> **What you will do**: Copy exactly, no pictures: every line from the one that contains "Sahara Marble Collection" through the end of the entries below.

(Dataset entries)
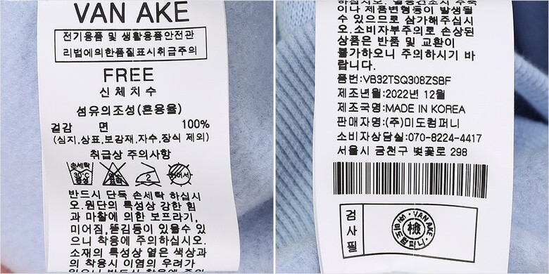 | 6. 세탁방법 및 취급시 주의사항 | 상세페이지 참조 |
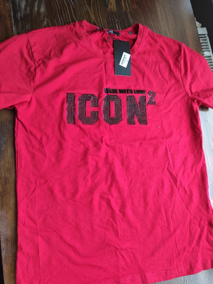 Koyu kırmızı renkte, sokak stili erkek tişört. Önünde 'MADE WITH LOVE' yazısı ve ICON 2 etiket bulunur. Spor ve trend görünüm için ideal. ❤️
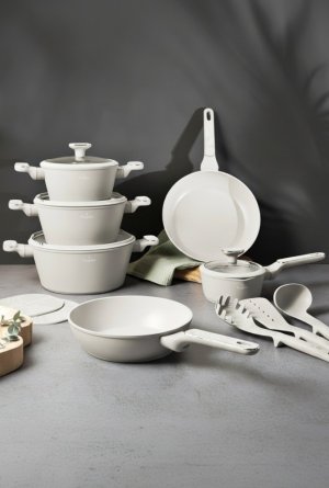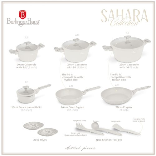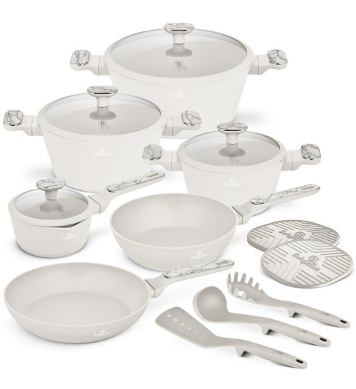 Sahara Marble Collection prináša kombináciu matného krémového povrchu a elegantného mramorového efektu. Táto sada je nielen estetickým skvostom, ale aj výkonným nástrojom pre každodenné varenie.
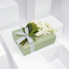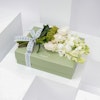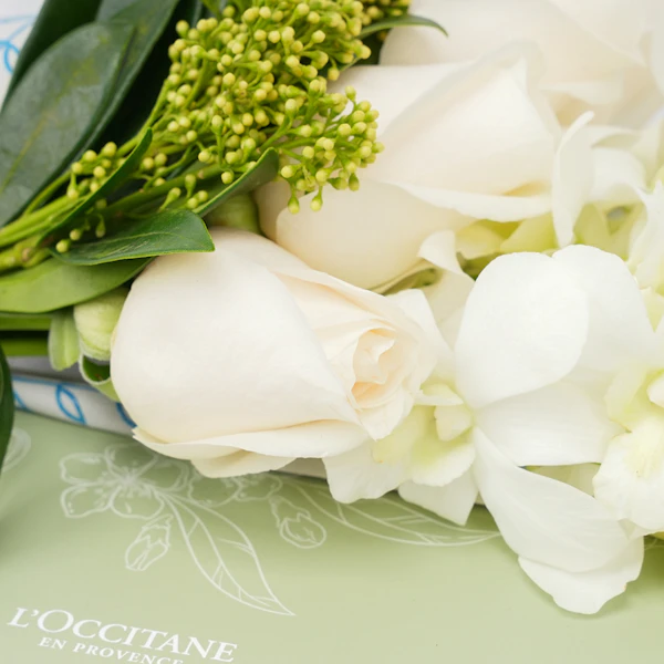 • تنسيق أزهار ناعم ولطيف يحتوي على الجوري الأبيض، أزهار بيبى الاوركيد البيضاء وأزهار السكيميا الخضراء.
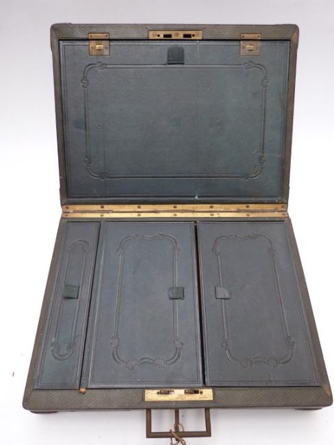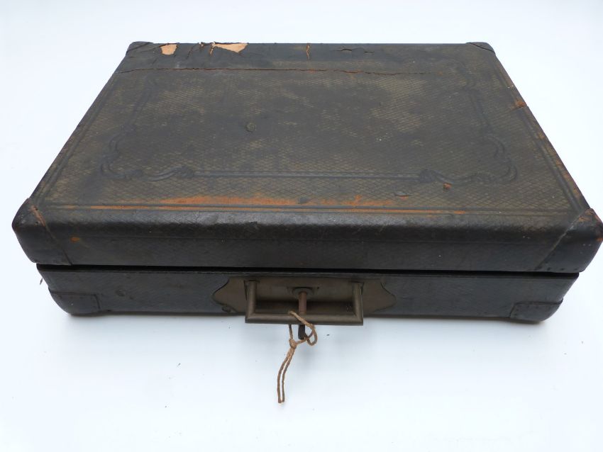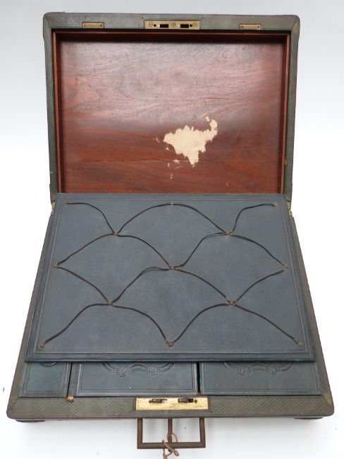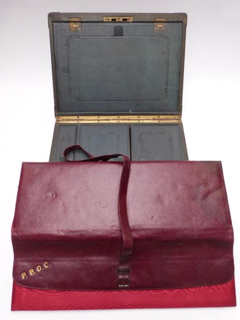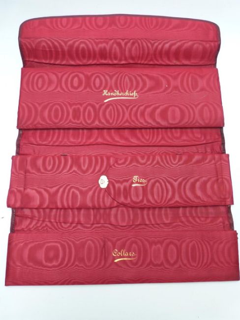 Red leather silk lined travelling valet case marked with gilt script, handkerchiefs, ties and collars, width 49cm and a leather travelling case with tooled leather fitted interior and Bramah lock, width 36cm
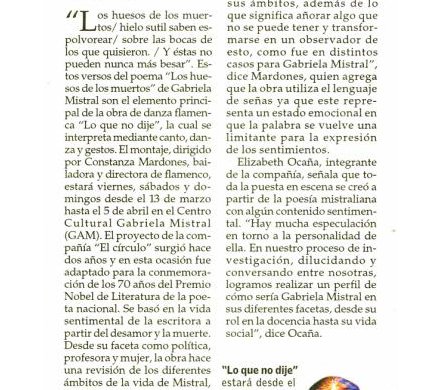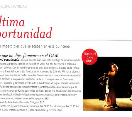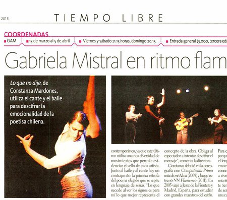 Montaje que mezcla el flamenco tradicional con el de rasgos experimentales y contemporáneos. A través de su creación musical y coreográfica, el montaje aborda la vida afectiva de Gabriela Mistral y la relación que existe entre el Flamenco y la obra literaria. Con escenas de fuerte contenido poético y siempre a través del lenguaje del flamenco, se va dando forma al sentimiento motor de la obra: el desamor.
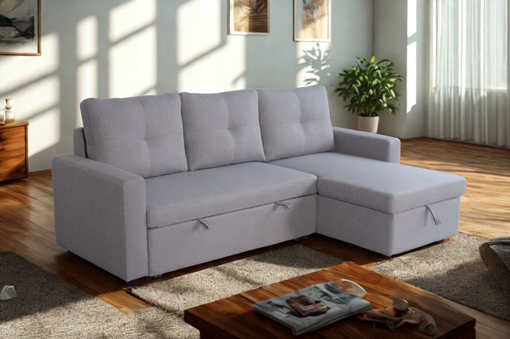 Nowoczesny narożnik Bergamo w wersji LEWEJ lub PRAWEJ, w dwóch uniwersalnych kolorach: szarym i beżowym. Perfekcyjny do salonu, mieszkania, apartamentu czy pokoju gościnnego. Łączy codzienne wygodne siedzenie z praktyczną funkcją spania – szybko rozkładasz i śpisz jak w łóżku!
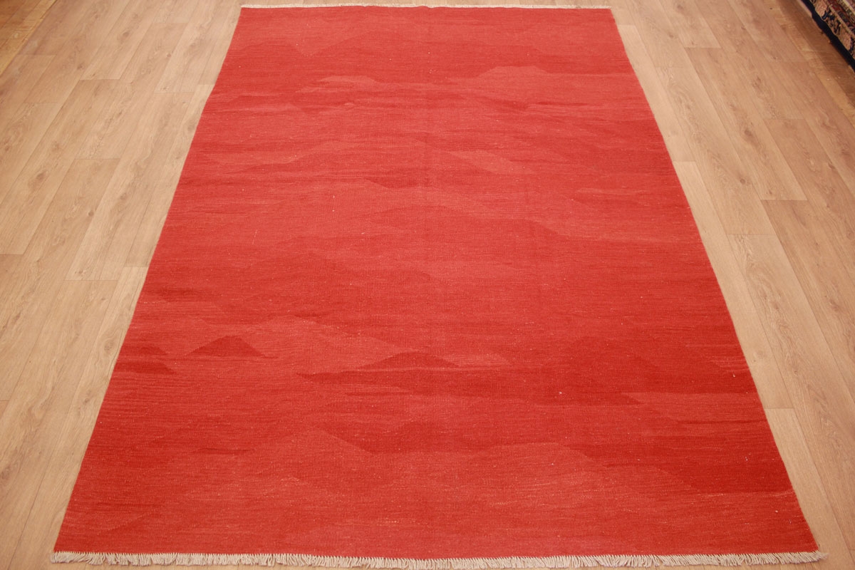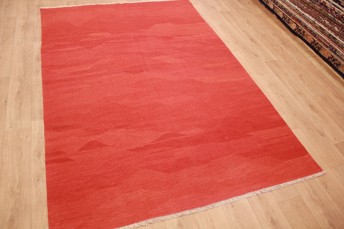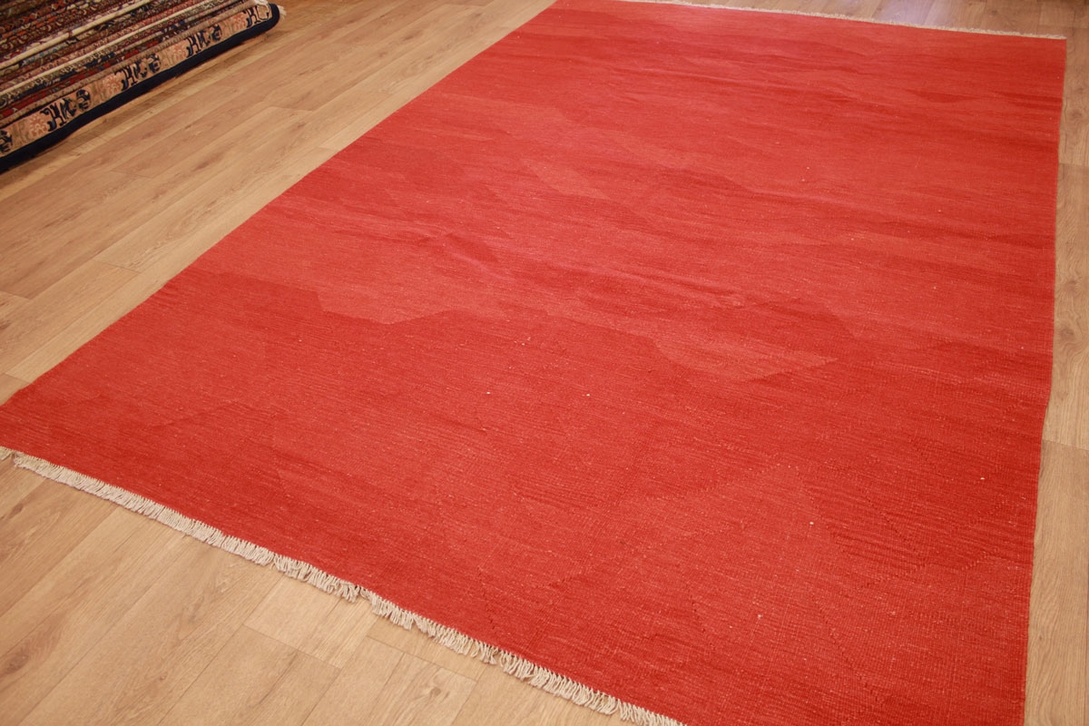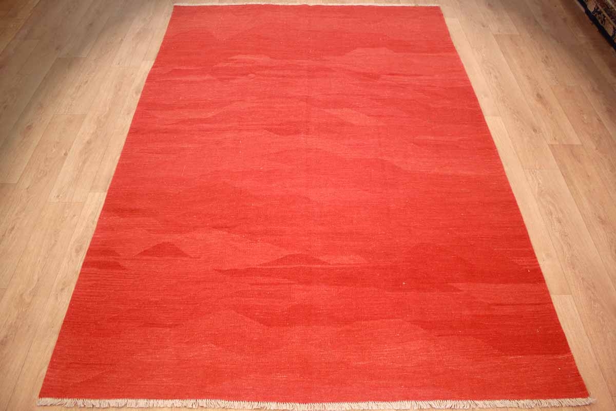 Kelim Vintage Teppich moderner Perserteppich 301x200 cm Rot

> **Reply to the task**:
 Sahara Marble Collection prináša kombináciu matného krémového povrchu a elegantného mramorového efektu. Táto sada je nielen estetickým skvostom, ale aj výkonným nástrojom pre každodenné varenie.
 • تنسيق أزهار ناعم ولطيف يحتوي على الجوري الأبيض، أزهار بيبى الاوركيد البيضاء وأزهار السكيميا الخضراء.
 Red leather silk lined travelling valet case marked with gilt script, handkerchiefs, ties and collars, width 49cm and a leather travelling case with tooled leather fitted interior and Bramah lock, width 36cm
 Montaje que mezcla el flamenco tradicional con el de rasgos experimentales y contemporáneos. A través de su creación musical y coreográfica, el montaje aborda la vida afectiva de Gabriela Mistral y la relación que existe entre el Flamenco y la obra literaria. Con escenas de fuerte contenido poético y siempre a través del lenguaje del flamenco, se va dando forma al sentimiento motor de la obra: el desamor.
 Nowoczesny narożnik Bergamo w wersji LEWEJ lub PRAWEJ, w dwóch uniwersalnych kolorach: szarym i beżowym. Perfekcyjny do salonu, mieszkania, apartamentu czy pokoju gościnnego. Łączy codzienne wygodne siedzenie z praktyczną funkcją spania – szybko rozkładasz i śpisz jak w łóżku!
 Kelim Vintage Teppich moderner Perserteppich 301x200 cm Rot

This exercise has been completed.